* Stored records:
++++++

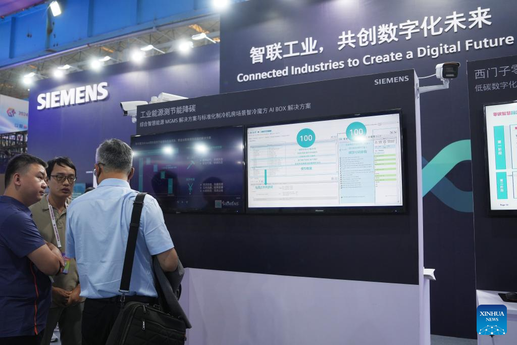 People visit the booth of Siemens at an innovation achievements exhibition of the 2024 Global Industrial Internet Conference in Shenyang, northeast China's Liaoning Province, Sept. 12, 2024. The 2024 Global Industrial Internet Conference kicked off here on Thursday. (Xinhua/Zhang Lei)
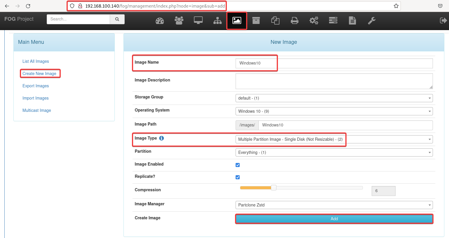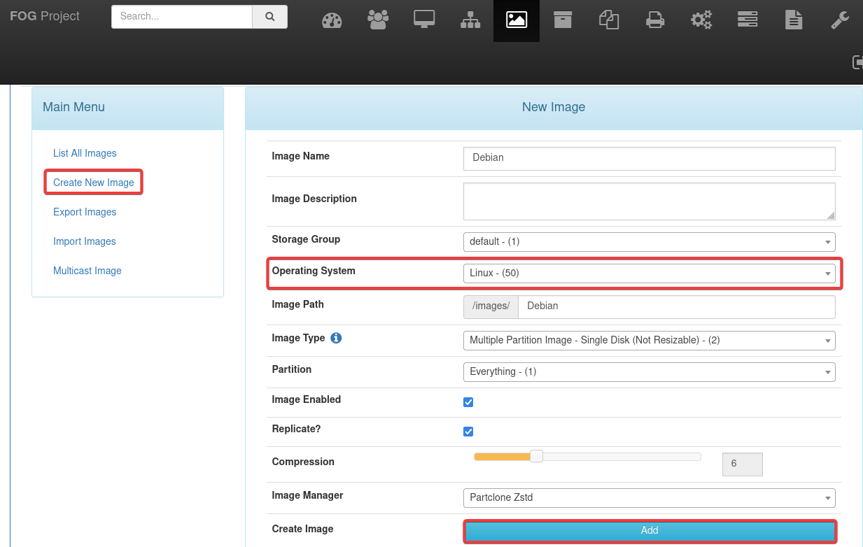 Primero, crearemos una nueva imágen indicando el sistema operativo que vamos a clonar.
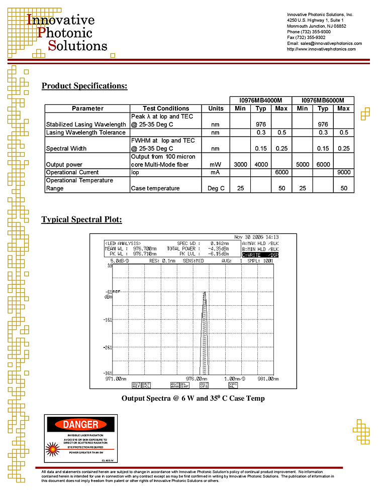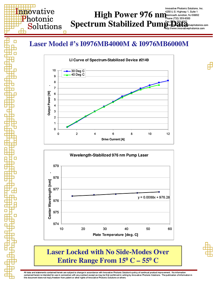 Innovative Photonic Solution’s proprietary Multi-Mode Spectrum Stabilized Laser features high output power with narrow spectral bandwidth that “locks” the spectrum so that all of the pump’s power remains within the absorption band. This dramatically reduces total system costs because it eliminates the need to “bin” lasers while enabling more efficient pumping - reducing the number of pumps required to achieve the desired output power level. But the
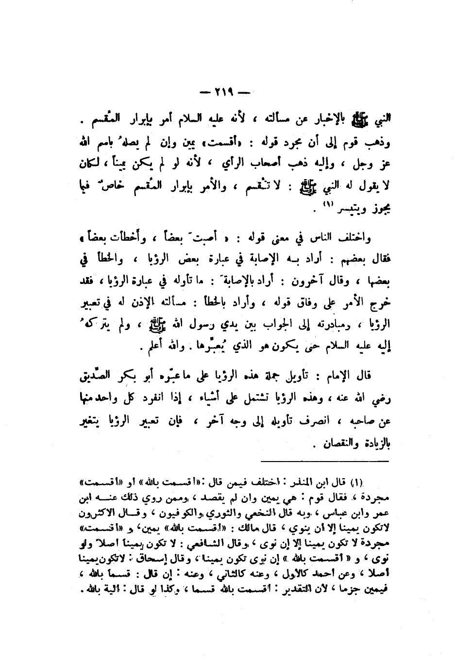 وَقَالَ آخَرُونَ: أَرَادَ بِالإِصَابَةِ: مَا تَأَوَّلَهُ فِي عِبَارَةِ الرُّؤْيَا، فَقَدْ خَرَجَ الأَمْرُ عَلَى وِفَاقِ قَوْلِهِ، وَأَرَادَ بِالْخَطَأِ: مَسْأَلَتُهُ الإِذْنَ لَهُ فِي تَعْبِيرِ الرُّؤْيَا، وَمُبَادَرَتِهِ إِلَى الْجَوَابِ بَيْنَ يَدَيْ رَسُولِ اللَّهِ صَلَّى اللهُ عَلَيْهِ وَسَلَّمَ، وَلَمْ يَتْرُكْهُ إِلَيْهِ عَلَيْهِ السَّلامُ حَتَّى يَكُونَ هُوَ الَّذِي يُعَبِّرُهَا، وَاللَّهُ أَعْلَمُ.
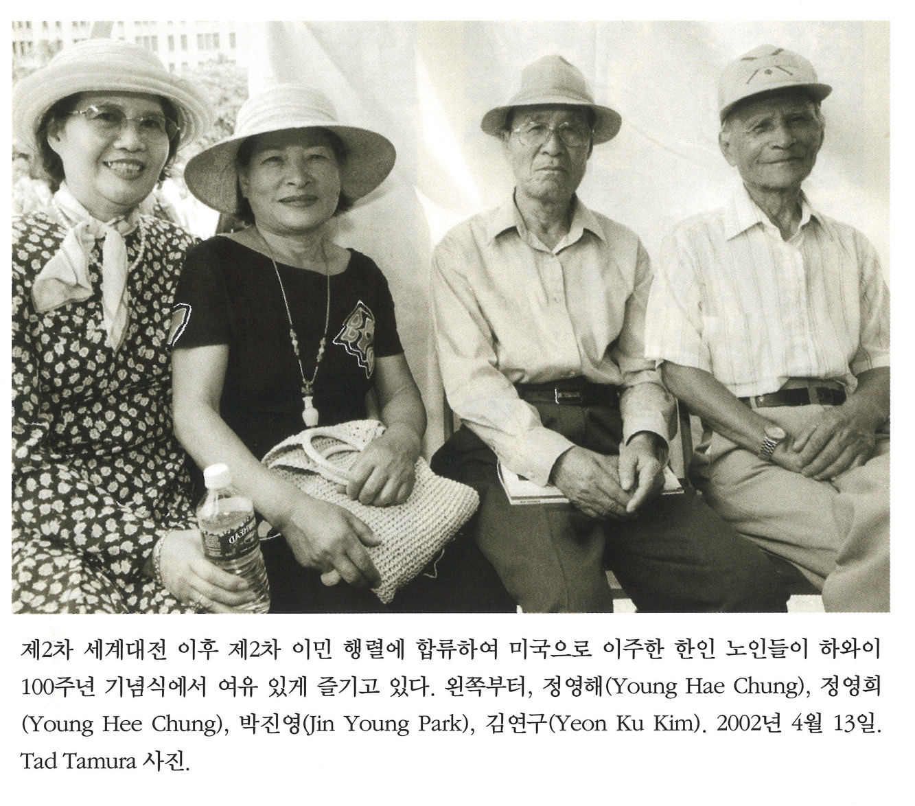 제2차 세계대전 이후 제2차 이민 행렬에 합류하여 미국으로 이주한 한인 노인들이 하와이 100주년 기념식에서 여유 있게 즐기고 있다. 왼쪽부터, 정영해(Young Hae Chung), 정영희(Young Hee Chung), 박진영(Jin Young Park), 김연구(Yeon Ku Kim). 2002년 4월 13일. Tad Tamura 사진.
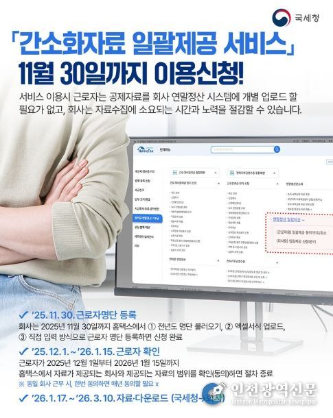 [인천광역신문] 관리자 기자 | 「간소화자료 일괄제공 서비스」 11월 30일까지 이용신청!
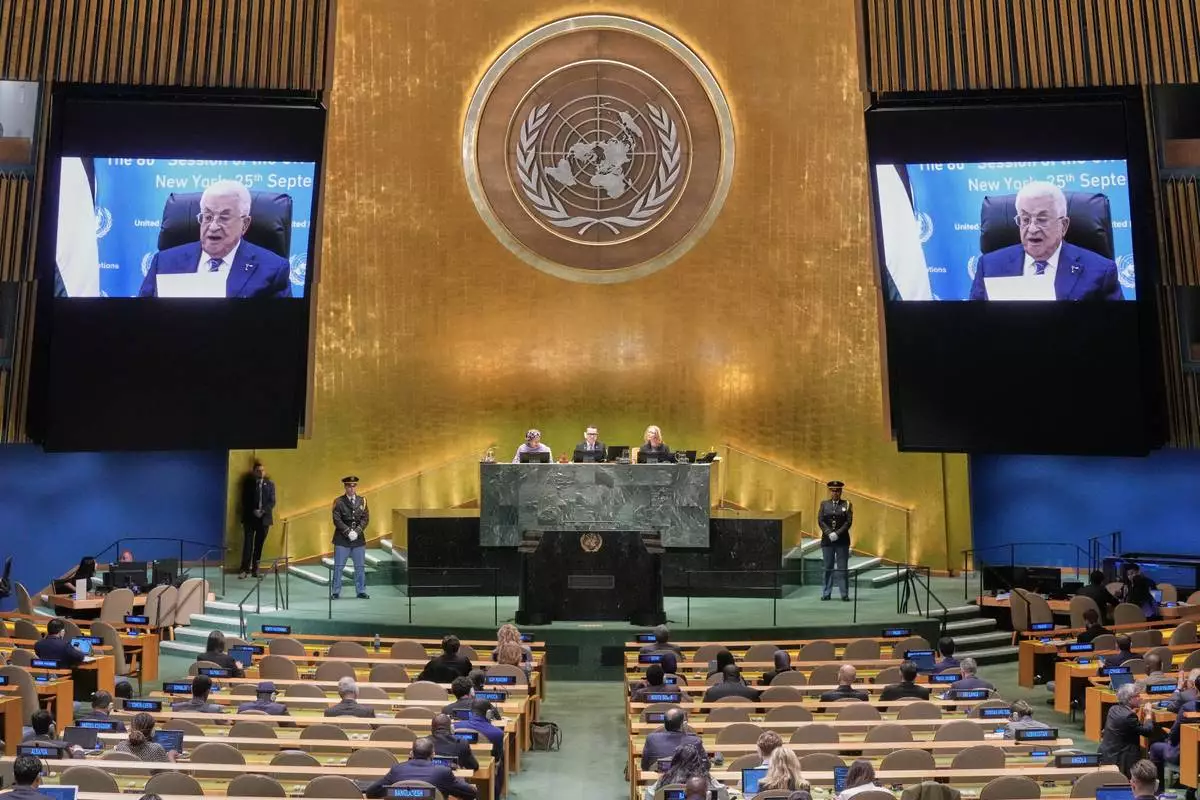 UNITED NATIONS (AP) — Speaking over video after the United States denied his visa, the Palestinian leader told world leaders Thursday that his people reject the 2023 Hamas attack on Israel and pledged that the militant group would have no role in governing the Gaza Strip after war ends and must hand over its weapons to his administration. Said Mahmoud Abbas to his people: “The dawn of freedom will emerge.”
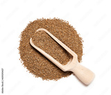 top view flat lay perilla frutescens deulkkae seed isolated on white background. pile of perilla frutescens deulkkae seed isolated. heap of perilla frutescens deulkkae seed in wood scoop isolated

++++++

* REQUIRED ACTION: Go to the line above holding "Primero, crearemos una", then copy exactly each line down to and including the one holding "UNITED NATIONS (AP)", leaving pictures out.

* OUTPUT:
 Primero, crearemos una nueva imágen indicando el sistema operativo que vamos a clonar.
 Innovative Photonic Solution’s proprietary Multi-Mode Spectrum Stabilized Laser features high output power with narrow spectral bandwidth that “locks” the spectrum so that all of the pump’s power remains within the absorption band. This dramatically reduces total system costs because it eliminates the need to “bin” lasers while enabling more efficient pumping - reducing the number of pumps required to achieve the desired output power level. But the
 وَقَالَ آخَرُونَ: أَرَادَ بِالإِصَابَةِ: مَا تَأَوَّلَهُ فِي عِبَارَةِ الرُّؤْيَا، فَقَدْ خَرَجَ الأَمْرُ عَلَى وِفَاقِ قَوْلِهِ، وَأَرَادَ بِالْخَطَأِ: مَسْأَلَتُهُ الإِذْنَ لَهُ فِي تَعْبِيرِ الرُّؤْيَا، وَمُبَادَرَتِهِ إِلَى الْجَوَابِ بَيْنَ يَدَيْ رَسُولِ اللَّهِ صَلَّى اللهُ عَلَيْهِ وَسَلَّمَ، وَلَمْ يَتْرُكْهُ إِلَيْهِ عَلَيْهِ السَّلامُ حَتَّى يَكُونَ هُوَ الَّذِي يُعَبِّرُهَا، وَاللَّهُ أَعْلَمُ.
 제2차 세계대전 이후 제2차 이민 행렬에 합류하여 미국으로 이주한 한인 노인들이 하와이 100주년 기념식에서 여유 있게 즐기고 있다. 왼쪽부터, 정영해(Young Hae Chung), 정영희(Young Hee Chung), 박진영(Jin Young Park), 김연구(Yeon Ku Kim). 2002년 4월 13일. Tad Tamura 사진.
 [인천광역신문] 관리자 기자 | 「간소화자료 일괄제공 서비스」 11월 30일까지 이용신청!
 UNITED NATIONS (AP) — Speaking over video after the United States denied his visa, the Palestinian leader told world leaders Thursday that his people reject the 2023 Hamas attack on Israel and pledged that the militant group would have no role in governing the Gaza Strip after war ends and must hand over its weapons to his administration. Said Mahmoud Abbas to his people: “The dawn of freedom will emerge.”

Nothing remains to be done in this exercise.